So the vertical 2x4 is bolted directly to the transom support and screwed to the upper, horizontal framing. On the sides I ran the front-to-back 2x4's level with the rear bench and they did not touch in the very back but there are some small styrofoam filled aluminum boxes (you can kind of see these in the picture too but you can really see what I'm talking about if you look at some of the pics on the first page of this project) on my boat so what I did was cut a small 2x4's (about 6 inches or so) and screwed that in vertically to the side 2x4's and then those rested on the aluminum boxes. I attached the 2x4's to the boat with some "L" brackets and that was it. I hope this helps. If not let me know and I'll take some better pictures for you.


----------



## UtahBassKicker (Apr 9, 2010)

ober51 said:


> The only thing I did differently on my guide ons was that I connected the two pieces of ladder stabilizer under the trailer with a piece of PVC pipe. It helped with the little bit of movement/wiggle that was there.



That's a good idea. Maybe I'll do that with the section of PVC that I have left over. Thanks ober51.


----------



## UtahBassKicker (Apr 9, 2010)

sturdi87 said:


> Looks awesome. Great Job!


Thanks buddy.


----------



## sturdi87 (Apr 9, 2010)

Eventually I'll have decks like that!


----------



## UtahBassKicker (Apr 12, 2010)

So I took the rig out this last weekend with my 2 year old. I was surprised at how well the boat still planed with the added weight of a rear deck. The new trailer guides worked like a charm as well. A funny story...finished up fishing for the day, tied the boat to the dock and took my 2 year old to the truck with me. I put him in the front seat while backing up the truck. I jumped out to get the boat on the trailer (once again the trailer guides worked perfectly), cranked it up on the trailer with the winch, ran back to the truck, pulled on the handle and.....nothing. Locked! My two year old locked the doors with the trailer still in the water with the truck running! After a few choice words because of my stupidity, and a few minutes of trying to coach my son into pushing the unlock button I remembered that I had a spare key attached to my frame with a hide-a-key. Unfortunately it was hidden on the rear of the truck so I got soaked retrieving it but at least I didn't have to call the wife to bring a spare. Stupid me! Lesson learned I guess, but I should know better. Just got in too big of a hurry. Needless to say, the hide-a-key is now located on the front of my truck so if something like this happens again I wont have to get soaked getting the key.


----------



## phil (Apr 16, 2010)

It looks great. I have a sylvan I would like to do something with. How did you connect the wood frame for the front deck to the front of the boat and the seats?


----------



## UtahBassKicker (Apr 17, 2010)

phil said:


> It looks great. I have a sylvan I would like to do something with. How did you connect the wood frame for the front deck to the front of the boat and the seats?

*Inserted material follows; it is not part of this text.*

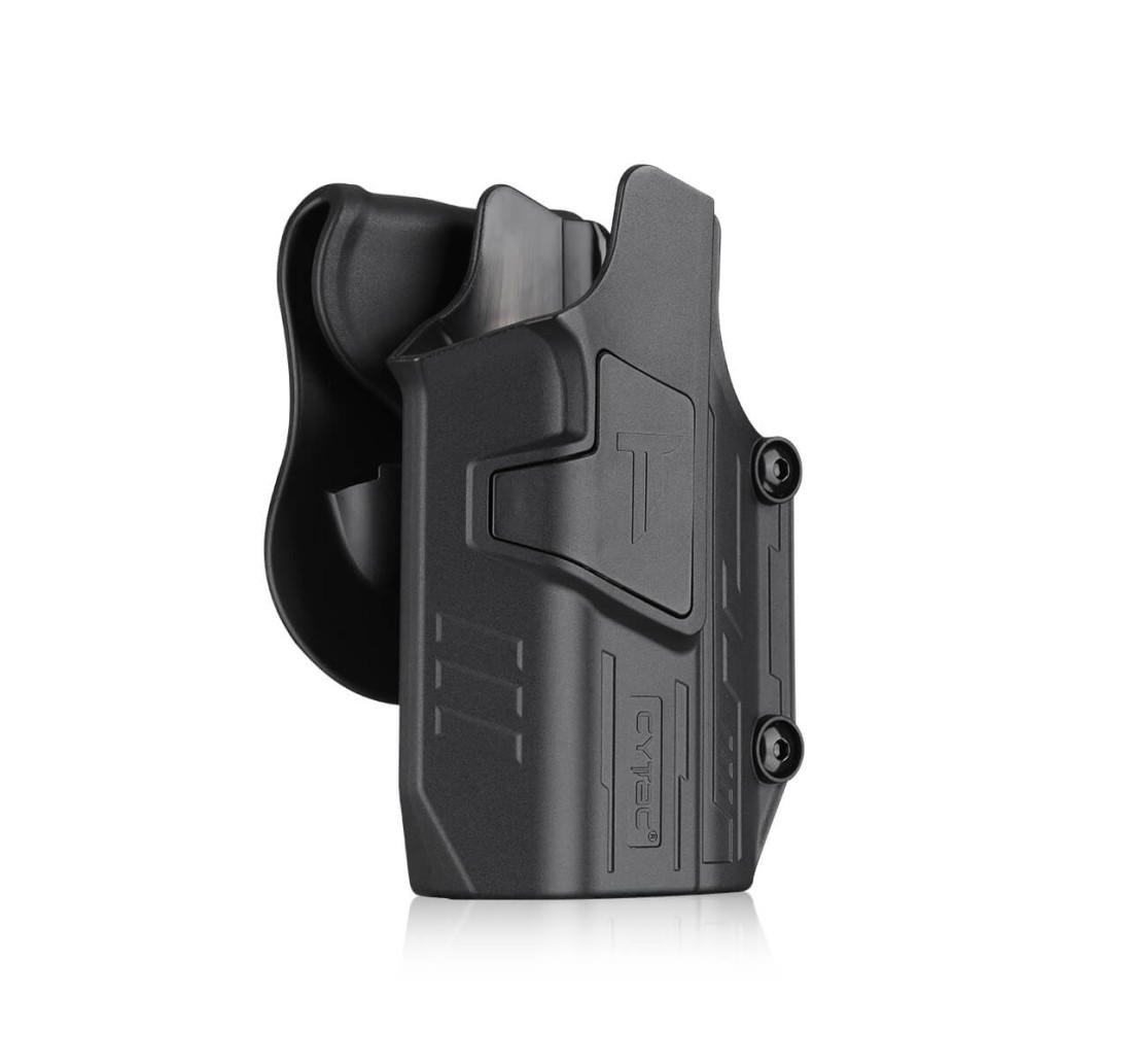 Cytac fondina universale per pistola con torcia. Il supporto Mega-Fit utilizza il classico metodo di sblocco dell'indice per sganciare la vostra arma per un utilizzo più semplice e affidabile. E' stata resa la posizione del mirino anteriore più ampiamente compatibile sia con il layout del mirino anteriore che con la vite semi-automatica strutturale full-size originale.

The nose of the frame actually rests right on the hull of the boat. I drilled a 3/4 in. hole in the center 2x4 and threaded a 1/2 in. rope through it. I then drilled some 3/8 in. holes in the nose piece on the boat. I knotted both ends of the rope and used some steel clips and attached to the holes drilled in the nose piece. 





Then I used some small "L" brackets and screwed one end into the 2x4 and the other into the bench. I used the "L" brackets all across the bench, the pictures only shows some of them. The others are covered by the decking. I've had the boat several times and the little casting deck is as sturdy as can be.





Hope this helps. This seems to be a popular question in this forum.


----------



## UtahBassKicker (Apr 17, 2010)

I made one more minor adjustment, I switched my transom mount motor to a bow mount. It was a simple change, all you have to do unscrew one bolt, turn the head of the motor, line up the holes and put the bolt back in. It's nice having the extra weight up front and having the control from the casting deck but I wish the handle on the Minn Kota could pivot up and down like the older model I had.


----------



## ober51 (Apr 17, 2010)

UtahBassKicker said:


> phil said:
> 
> 
> > It looks great. I have a sylvan I would like to do something with. How did you connect the wood frame for the front deck to the front of the boat and the seats?
> ...



Looks great - just wondering if you used a buffer between the L brackets and your aluminum bench? The reason I ask is because unless they are aluminum, they may cause corrosion. Rubber gasket material worked great and can be cut to size, for future reference.


----------



## UtahBassKicker (Apr 18, 2010)

I actually didn't use a buffer because I was under the impression that the paint on the bench would be enough. Do I need to rethink this?


----------



## UtahBassKicker (May 5, 2010)

Well I haven't had much progress lately but I did put the rubber gasket material between my steel brackets and the aluminum. I also placed carpet between the wood and boat where there was contact. I think I have the pressure treated wood issue taken care of. I did mount a seat base on the front deck but now I'm looking for advice for what height of pedestal to use. I think I'm going to go with the plain 13" but I'm also contemplating one of the adjustable height pedestals. I figure with the seat+seat base+13" of pedestal I'll be setting at about 19" which seemed pretty comfortable when I tried it out. Any input is welcome. Also, I think I'm going to purchase a hydrafoil to see if it'll help the boat get on top of the water instead of push it's way through it.


----------



## BottomDweller (May 6, 2010)

ober51,

Wondering how much of an issue I have with the transom I just replaced. My boat is aluminum. My transom is wood. I used stainless steel bolts to secure the wood transom board to the boat. Is this going to cause alot of problems? Do I have an option here? It seems that using anything other than stainless steel would eventually rust out but stainless does cause some corrosion with aluminum. My project is completed currently and I have secured my bolts with 3m 5200. I would hate to remove everything but will if this is going to cause alot of problems.


----------



## perchin (May 6, 2010)

They factory build aluminum trailers with SS..... I would have to imagine you'll be fine. :wink:


----------



## UtahBassKicker (May 11, 2010)

So not a lot of changes since the last pics but I did get the seats mounted so I wanted to keep ya'll updated. Also wanted to add a pic of my last trip to the lake. My wife took the picture without me knowing. At least you can see the pedestal in action!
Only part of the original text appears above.